`unmarked`

aims to be a complete environment for the statistical analysis of data from surveys of unmarked animals. Currently, the focus is on hierarchical models that separately model a latent state (or states) and an observation process. This vignette provides a brief overview of the package - for a more thorough treatment see Fiske and Chandler (2011).
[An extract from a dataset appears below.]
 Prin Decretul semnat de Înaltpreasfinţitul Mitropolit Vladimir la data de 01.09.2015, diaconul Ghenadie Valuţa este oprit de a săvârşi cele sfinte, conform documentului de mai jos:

Unmarked provides methods to estimate site occupancy, abundance, and density of animals (or possibly other organisms/objects) that cannot be detected with certainty. Numerous models are available that correspond to specialized survey methods such as temporally replicated surveys, distance sampling, removal sampling, and double observer sampling. These data are often associated with metadata related to the design of the study. For example, in distance sampling, the study design (line- or point-transect), distance class break points, transect lengths, and units of measurement need to be accounted for in the analysis. Unmarked uses S4 classes to store data and metadata in a way that allows for easy data manipulation, summarization, and model specification. Table 1 lists the currently implemented models and their associated fitting functions and data classes.
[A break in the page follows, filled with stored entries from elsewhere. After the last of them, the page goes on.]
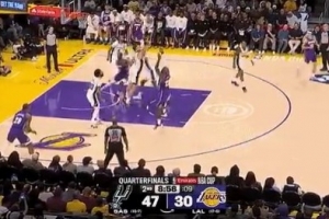 自己来吧!詹姆斯借掩护中投命中 打破湖人得分荒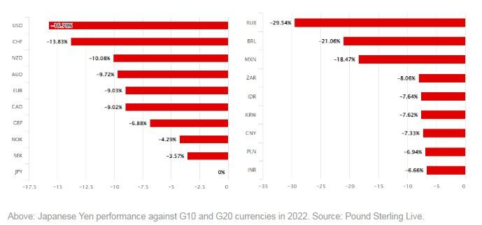 日元兑美元今年仍下跌逾15%,而与G10的发达市场同行相比,日元兑瑞士法郎和纽元的汇率也出现了两位数的百分比跌幅。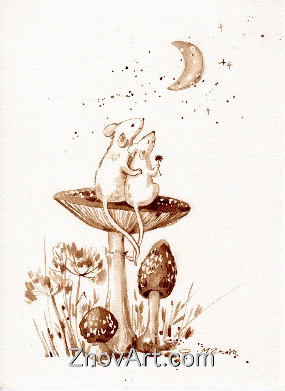 A romantic moment of two mice sitting on a mushroom and looking at the moon, which looks so much like a piece of cheese. “I’ll give you all this cheese,” says young Romeo.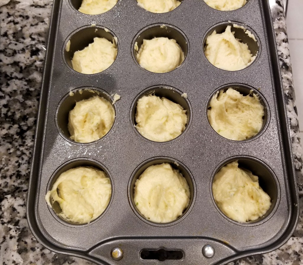 Preheat the oven to 350° F. Spray your mini-cake pan (Norpro mini cheesecake is my pan of choice) with cooking spray. Helpful with this pan to put a little parchment at the bottom to make them easier to come out.To make the cake – in a large bowl, whisk together the flour, baking powder, baking soda and salt. Stir in the lime zest and set aside. In a measuring cup, stir together the milk and lime juice and set aside.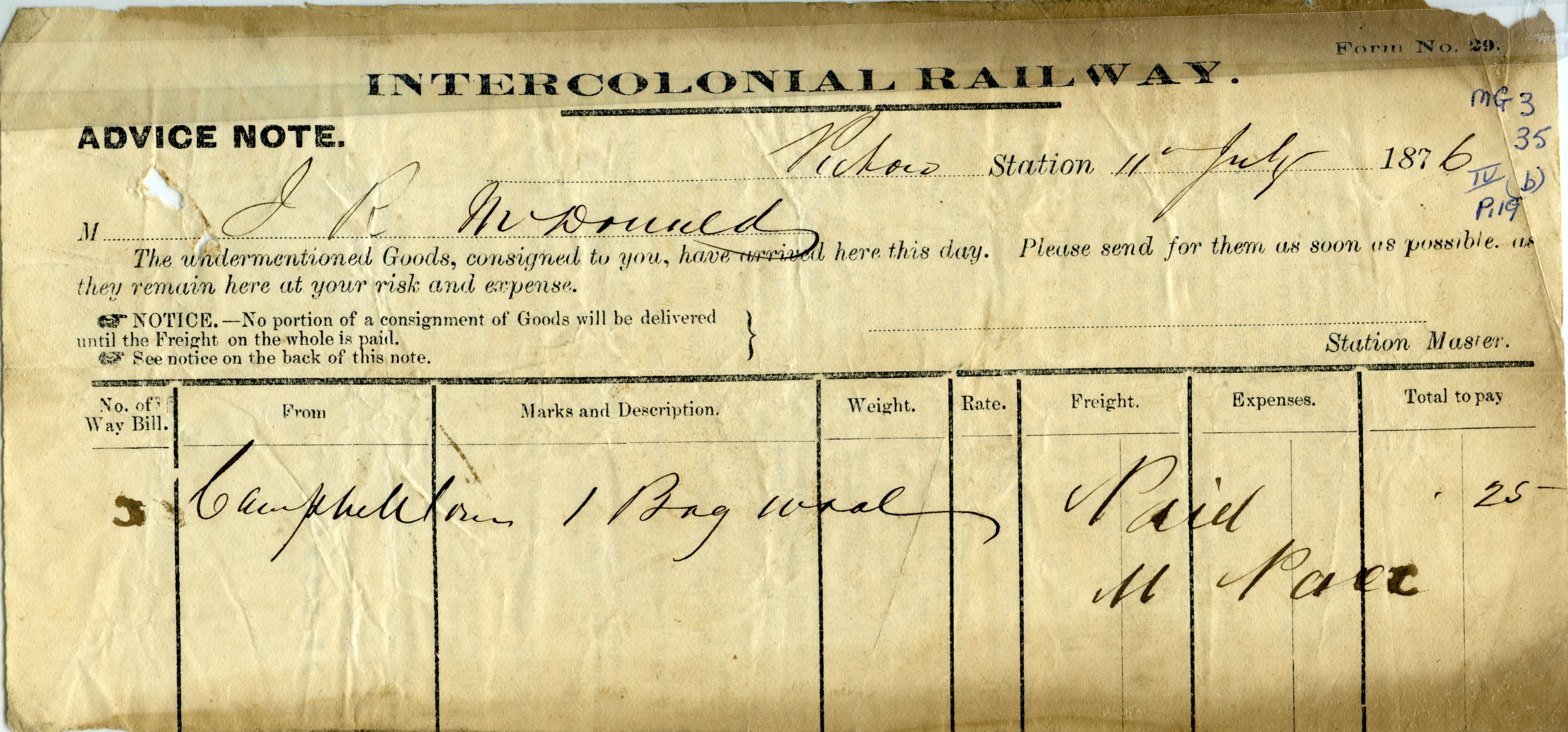 | Tags: | John R. McDonald, Pictou, Intercolonial Railway, railway, freight, ICR, advice note |

Model | Fitting Function | Data | Citation |
---|---|---|---|

Occupancy | occu | unmarkedFrameOccu | MacKenzie et al. (2002) |

Royle-Nichols | occuRN | unmarkedFrameOccu | Royle and Nichols (2003) |

Point Count | pcount | unmarkedFramePCount | Royle (2004a) |

Distance-sampling | distsamp | unmarkedFrameDS | Royle et al. (2004) |

Generalized distance-sampling | gdistsamp | unmarkedFrameGDS | Chandler et al. (2011) |

Arbitrary multinomial-Poisson | multinomPois | unmarkedFrameMPois | Royle (2004b) |

Colonization-extinction | colext | unmarkedMultFrame | MacKenzie et al. (2003) |

Generalized multinomial-mixture | gmultmix | unmarkedFrameGMM | Royle (2004b) |

Each data class can be created with a call to the constructor function of the same name as described in the examples below.
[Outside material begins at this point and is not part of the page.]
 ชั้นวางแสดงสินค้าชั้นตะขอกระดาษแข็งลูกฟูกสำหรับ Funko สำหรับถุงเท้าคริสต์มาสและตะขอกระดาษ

The first step is to import the data into R, which we do below using the `read.csv`

function. Next, the data need to be formatted for use with a specific model fitting function. This can be accomplished with a call to the appropriate type of `unmarkedFrame`

. For example, to prepare the data for a single-season site-occupancy analysis, the function `unmarkedFrameOccu`

is used.

```
library(unmarked)
wt <- read.csv(system.file("csv","widewt.csv", package="unmarked"))
y <- wt[,2:4]
siteCovs <- wt[,c("elev", "forest", "length")]
obsCovs <- list(date=wt[,c("date.1", "date.2", "date.3")],
ivel=wt[,c("ivel.1", "ivel.2", "ivel.3")])
wt <- unmarkedFrameOccu(y = y, siteCovs = siteCovs, obsCovs = obsCovs)
summary(wt)
```

```
## unmarkedFrame Object
##
## 237 sites
## Maximum number of observations per site: 3
## Mean number of observations per site: 2.81
## Sites with at least one detection: 79
##
## Tabulation of y observations:
## 0 1 <NA>
## 483 182 46
##
## Site-level covariates:
## elev forest length
## Min. :-1.436125 Min. :-1.265352 Min. :0.1823
## 1st Qu.:-0.940726 1st Qu.:-0.974355 1st Qu.:1.4351
## Median :-0.166666 Median :-0.064987 Median :1.6094
## Mean : 0.007612 Mean : 0.000088 Mean :1.5924
## 3rd Qu.: 0.994425 3rd Qu.: 0.808005 3rd Qu.:1.7750
## Max. : 2.434177 Max. : 2.299367 Max. :2.2407
##
## Observation-level covariates:
## date ivel
## Min. :-2.90434 Min. :-1.7533
## 1st Qu.:-1.11862 1st Qu.:-0.6660
## Median :-0.11862 Median :-0.1395
## Mean :-0.00022 Mean : 0.0000
## 3rd Qu.: 1.30995 3rd Qu.: 0.5493
## Max. : 3.80995 Max. : 5.9795
## NA's :42 NA's :46
```

Alternatively, the convenience function `csvToUMF`

can be used

```
wt <- csvToUMF(system.file("csv","widewt.csv", package="unmarked"),
long = FALSE, type = "unmarkedFrameOccu")
```

If not all sites have the same numbers of observations, then manual importation of data in long format can be tricky. `csvToUMF`

seamlessly handles this situation.

```
pcru <- csvToUMF(system.file("csv","frog2001pcru.csv", package="unmarked"),
long = TRUE, type = "unmarkedFrameOccu")
```

To help stabilize the numerical optimization algorithm, we recommend standardizing the covariates.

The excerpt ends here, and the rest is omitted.